I have embedded a live stream of the launch below. SpaceX says it will begin 3.5 hours before launch. For those on the west coast the timing is reasonable. East coasters will have to do without sleep tonight if they wish to watch.
The mission’s main engineering goal during its five-day duration is to complete the first all private spacewalk using EVA suits developed by SpaceX. Two of the crew will exit the capsule, but all four will be in the suits because the capsule has no airlock and will be entirely vented of air during the spacewalk. The mission’s secondary goal (which it actually will do first) will be to raise the orbit to about 870 miles, the highest orbit for a manned flight since the Apollo missions in the 1970s. During that high orbit the crew will do radiation research, which they will continue after the orbit is lowered. More information about the mission goals can be read here.

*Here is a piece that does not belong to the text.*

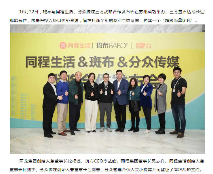 斑布與同程生活、分眾傳媒達成戰略合作,構建超級流量閉環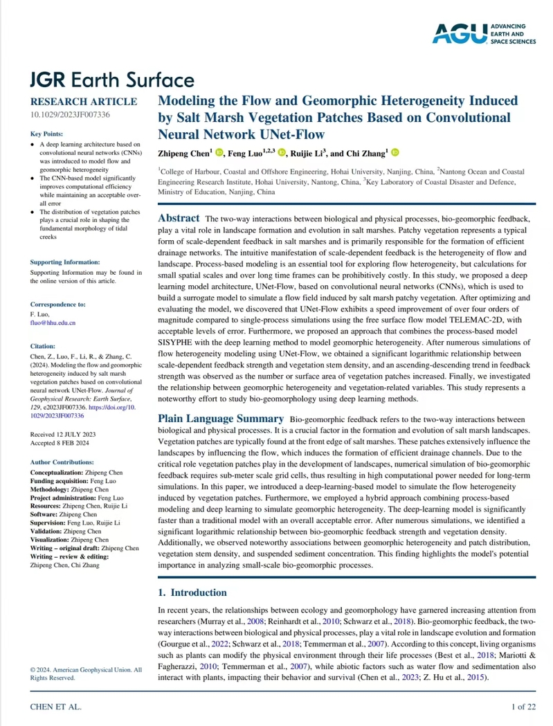Chen, Z., Luo F*., Li, R., Zhang, C. Modeling the Flow and Geomorphic Heterogeneity Induced by Salt Marsh Vegetation Patches Based on Convolutional Neural Network UNet-Flow[J]. Journal of Geophysical Research: Earth Surface, 2024, 129, e2023JF007336. doi: //doi.org/10.1029/2023JF007336

The mission’s real goal however has nothing to do with engineering and everything to do with freedom and the American dream. This is an entirely private mission. The rocket is privately built. The capsule is privately built. The launchpad is privately built. The launch crew is privately employed. The astronauts are all private citizens, with one paying the way for the entire flight and two flying as employees of SpaceX to test the operation of its capsule in orbit.
No government money is involved. The government had little or no say on what will happen. The mission will illustrate in very stark terms what the American dream is all about, since it has been conceived, paid for, and created entirely by private citizens following their own dreams and goals.
Hail to freedom! May the bell of liberty always ring.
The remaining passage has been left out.